So how do you know if you’re a serious writer, if you have talent, if you aren’t wasting your time?  You can never know these things relative to what people say or how much money you’re making off your work or whether the gatekeepers and critics deem you worthy.  You can know whether the act of writing sometimes makes you feel good.  And in that feeling, there may be a quiet, personal meaning.  And if you write regularly, you may embody that meaning such that it becomes part of your life, a way of life.  And then you can stop asking questions that originate in commercial and social status anxiety instead of in the metaphysics of the creative process.

 

The Library Might Burn

There are libraries in this world so beautiful that the visitor can almost believe humanity has a chance.  One thinks of sweeping architecture, polished stone, cool quiet atriums, deep stacks, the smell of old paper.  One imagines a certain reverence for knowledge, for words and learning, in a place dedicated to the best of what we are. 

Even the dingiest, poorest library can convey that sacredness, which is nondenominational and therefore inherently optimistic.  In that sense, a library can be an island of decency, democracy, and culture in an unkind world.  Unfortunately, decency, democracy, and culture seem to be on the wane.  I believe I’ve already written enough about that.

The libraries, which is to say structures committed to the veneration of knowledge, can burn if that’s what the people want.  And I’m no longer interested in arguing that they must be preserved, that humanistic inquiry lies at the heart of the democratic ideal.  I’m no longer interested in trying to develop some taxonomy of toxic political subdivisions or in outlining the internecine schisms that have come into being across the current spectrum. Nor am I interested in the pushback, the spite, the purity spirals that must lead to deeper ignorance and iconoclasm.  Those things will be obvious to the reader already or they won’t.  And if they aren’t obvious, no one will enjoy reading about them for the first time here.

Instead, my goal is to mention a non-obvious, highly personal belief: the idea of knowledge as not just a product that can be bought, sold, or otherwise transferred in the marketplace, but as a metaphysical verity that seeks expression in the world generation after generation, cycle after cycle—the concept of knowledge as something that transcends its material media and therefore cannot be burned.

I’ll admit to being influenced by Neo-Platonism, but this idea is not, strictly speaking, Neo-Platonic.  As I mentioned above, I’m not interested in formal taxonomies and categorizations.  An uncharitable critic might say that I’m simply forming an ungrounded new-age assumption about what knowledge is and how it functions.  That might be true, but I’m not here to convince anyone that my beliefs are authoritative or even slightly true.  This is personal writing that I’m making public—a journal entry reframed as a blog post—because I think it’s interesting.

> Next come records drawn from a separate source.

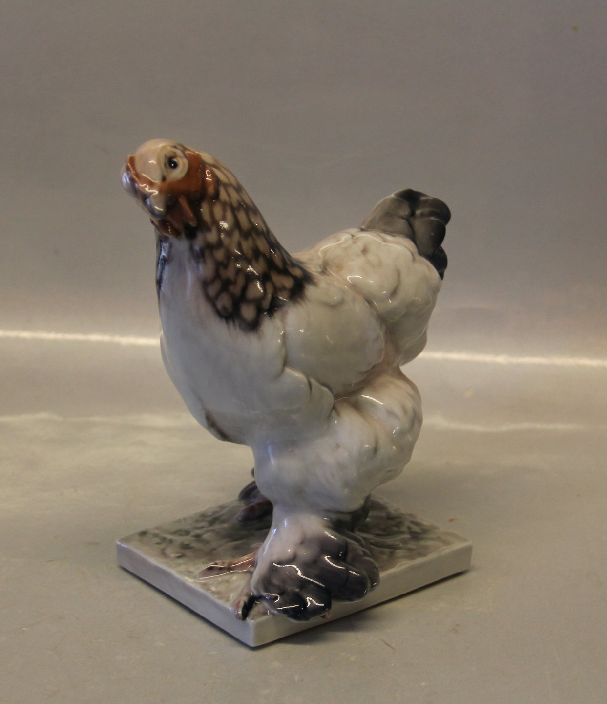 Beskrivelse: Dahl Jensen 1021 Brahmaputrahøne (DJ) 16 cm. Mærket med kongelig krone og DJ Copenhagen i hel og fin stand. Kylling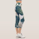 Elegant Leaves of Blue With Gold Lines Botanical Capri Leggings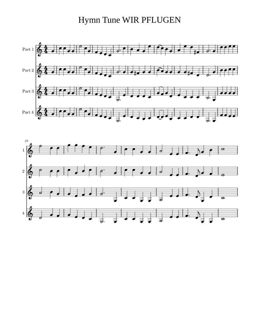 Hymn Tune WIR PFLUGEN Sheet Music for Baritone horn (Mixed Quartet ...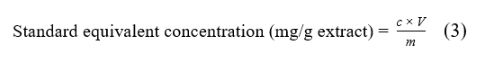 where c is the concentration of crude extract (mg/mL) obtained from the standard curve, m is the mass of sample (mg), and V is the volume of sample (mL).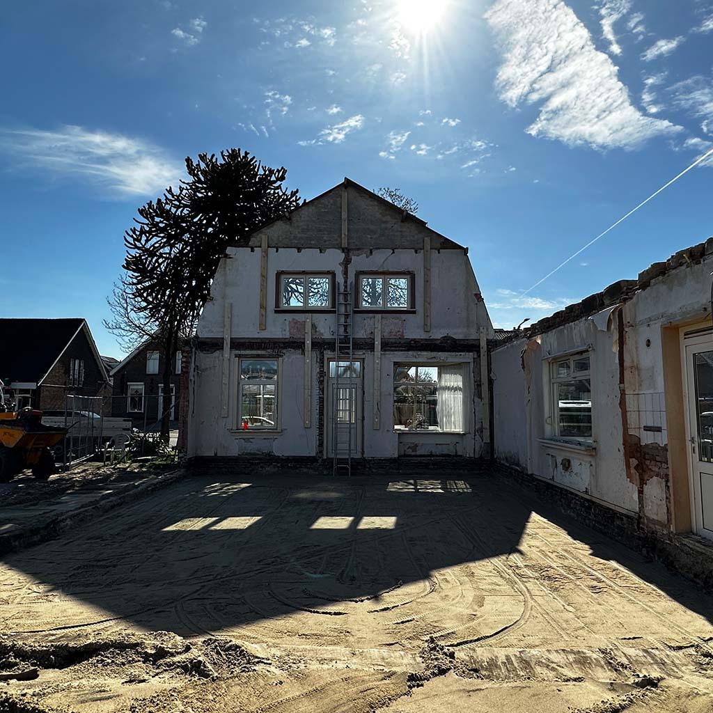 Wij houden wel van een goede uitdaging, zoals deze transformatie. De vergunning eiste behoud van de gevel. Niet onterecht, het is een mooi, karakteristiek aanzicht. Deze is dus blijven staan en gesteund toen de rest van de verouderde woning gesloopt werd. Achter de gevel is een stalen spantconstructie aangebracht, en twee enorme puien. Je kan dit helemaal afwerken, maar de keuze om de constructie een hoofdrol te geven en daarmee het pand een industrieel karakter, heeft ontzettend goed uitgepakt. Op de nieuwe betonvloer zijn klinkers aangebracht om buiten nog meer naar binnen te halen.

In my opinion, the non-materialistic concept is interesting because it does not view knowledge as residing in a book or a library or a university or a city or a culture.  Rather, it sees knowledge as an essence always seeking entry into the world, a creative, constructive potential in all human contexts.  So an ancient architect creates an aqueduct.  Three hundred years later, a playwright completes a satire.  On a different continent, writing in a different language, a historian completes an essay.  And so it goes.  The ways of knowing may all be unique and priceless, specific to their time and place.  But the impulse to know will be constant and knowledge of all kinds will emerge.  Therefore, one upholds the arts and humanities because it is very important to be able to curate and study each particular “emergence,” each way of knowing bound in human space and time. But one also keeps the faith: there will be new drawings and operas and comedies.

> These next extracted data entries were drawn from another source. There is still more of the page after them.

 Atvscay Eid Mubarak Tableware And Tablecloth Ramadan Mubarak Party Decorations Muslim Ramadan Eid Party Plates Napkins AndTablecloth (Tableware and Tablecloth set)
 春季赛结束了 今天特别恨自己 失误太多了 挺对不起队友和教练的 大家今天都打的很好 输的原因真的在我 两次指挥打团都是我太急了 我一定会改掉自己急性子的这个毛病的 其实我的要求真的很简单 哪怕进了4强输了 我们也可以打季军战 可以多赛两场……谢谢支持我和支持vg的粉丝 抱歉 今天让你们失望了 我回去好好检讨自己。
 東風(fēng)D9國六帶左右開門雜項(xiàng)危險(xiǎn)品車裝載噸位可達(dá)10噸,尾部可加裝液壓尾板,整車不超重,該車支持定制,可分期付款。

For example, there was only one van Gogh, even if painting as a way of knowing emerges again and again in culture after culture.  Consequently, we admire van Gogh’s work as an impressive part of human history and a unique window on the human condition.  At the same time, if all the van Gogh paintings in the world caught fire, we know that someone, somewhere is expressing himself or herself through paint.  It won’t be van Gogh, but it might be just as significant.  If we think this way, we might say that we have the optimism of a librarian.

In other words, you can’t kill knowledge.  You can’t kill art.  You can’t kill philosophy or history or literature.  And you can’t eradicate the deep-seated human impulses that lead to the production of these things—idealism, joy, the love of freedom, inquisitiveness, the constructive power of language, the alchemy of color and perspective.

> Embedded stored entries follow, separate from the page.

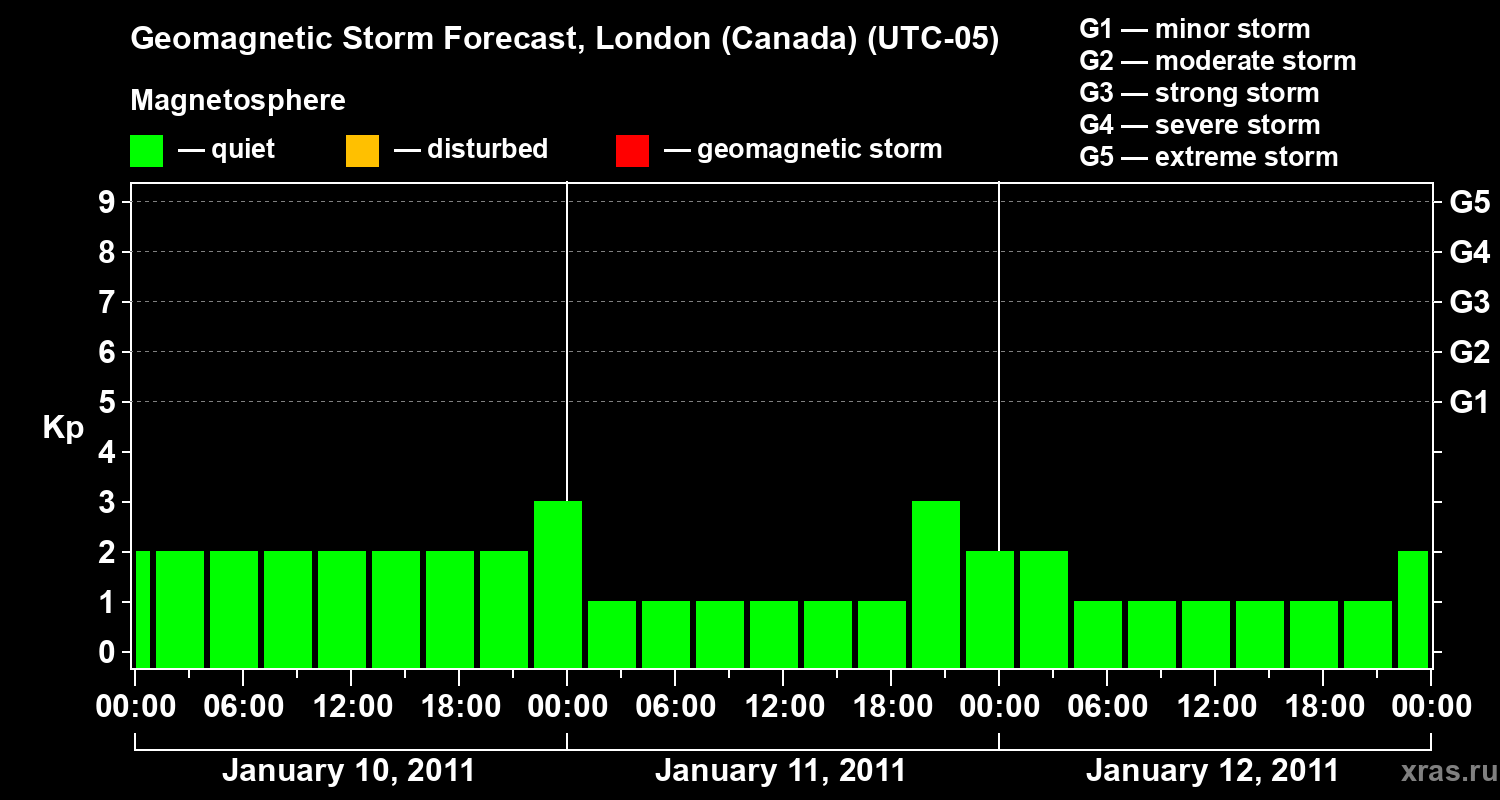 Geomagnetic storm forecast in London (Canada) for Jan 10, 2011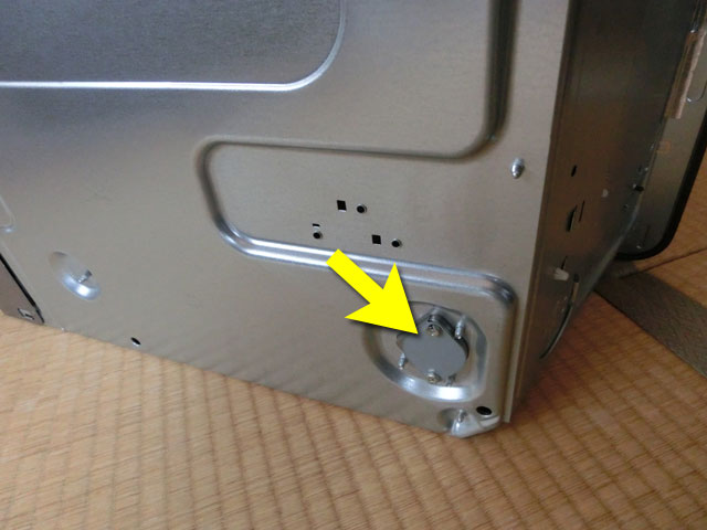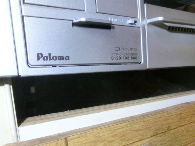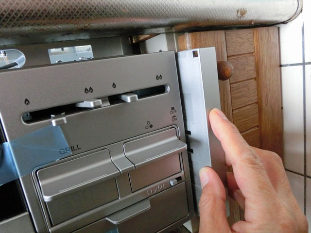 古いコンロはこの部分を塞ぐ金具があったが、今回のものには無い。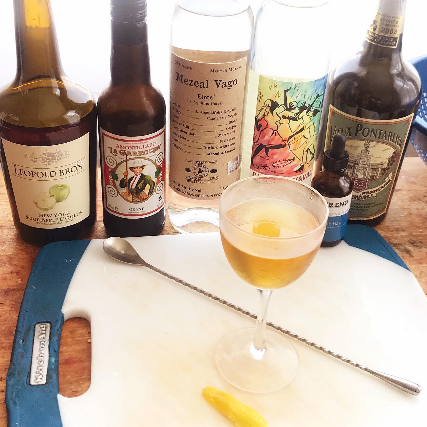 The roasted corn-infused mezcal has a more rounded flavor with a hint of smoke that works nicely with the saline/olive/citrus zest notes in the Haitian sugarcane rhum and the tart green apple notes in the liqueur. The amontillado sherry adds a dry, nutty accent and the bitters and dash of absinthe add some herbal and black pepper accents while the essential oils from the lemon add a nice citrus aroma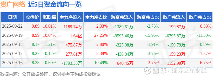 证券之星消息,贵广网络9月22日涨停收盘,收盘价9.89元。该股于9点35分涨停,未打开涨停,截止收盘封单资金为2.52亿元,占其流通市值2.04%。

All you can do is attempt to outlaw certain ways of knowing, repress their expressions, lock them away in favor of whatever less enlightened ideology happens to be in vogue for those with power.  You can burn the library, yes.  And you can execute the librarians.  And try to erase the histories.  And exile the philosophers.  And make the novelists eat their novels, chapter by chapter.  And in such a generation of fools, the arts and humanities may become meaningless—for a time. 

But it’s precisely when no one is looking, when the library has been reduced to ashes and the inquisitors have moved on, in the pre-dawn hours, while the town’s political officer still sleeps in his villa on the hill, that someone will light a candle, sit by the window, and, on a blank sheet of paper, write, It’s curious what I felt . . .

Player Piano

The first time I realized I didn’t have the temperament to be a concert pianist, I was sitting in an enormous practice hall at San Diego State University with my teacher, Dr. Conrad.  I was 16 years old.  Eight years before that, through a serendipitous confluence of family connections, happenstance, and generosity on the part of my mother, I’d started taking piano lessons from him at $10 a week.

Even in 1989, that amount seemed considerable, given that living in San Diego ate up most of my father’s middle-class teaching salary and my mom wasn’t working.  So I felt rightly privileged to learn from a professor of piano and composition, who I discovered many years later, actually had a reputation as being one of the most difficult, ferocious members of the music department. 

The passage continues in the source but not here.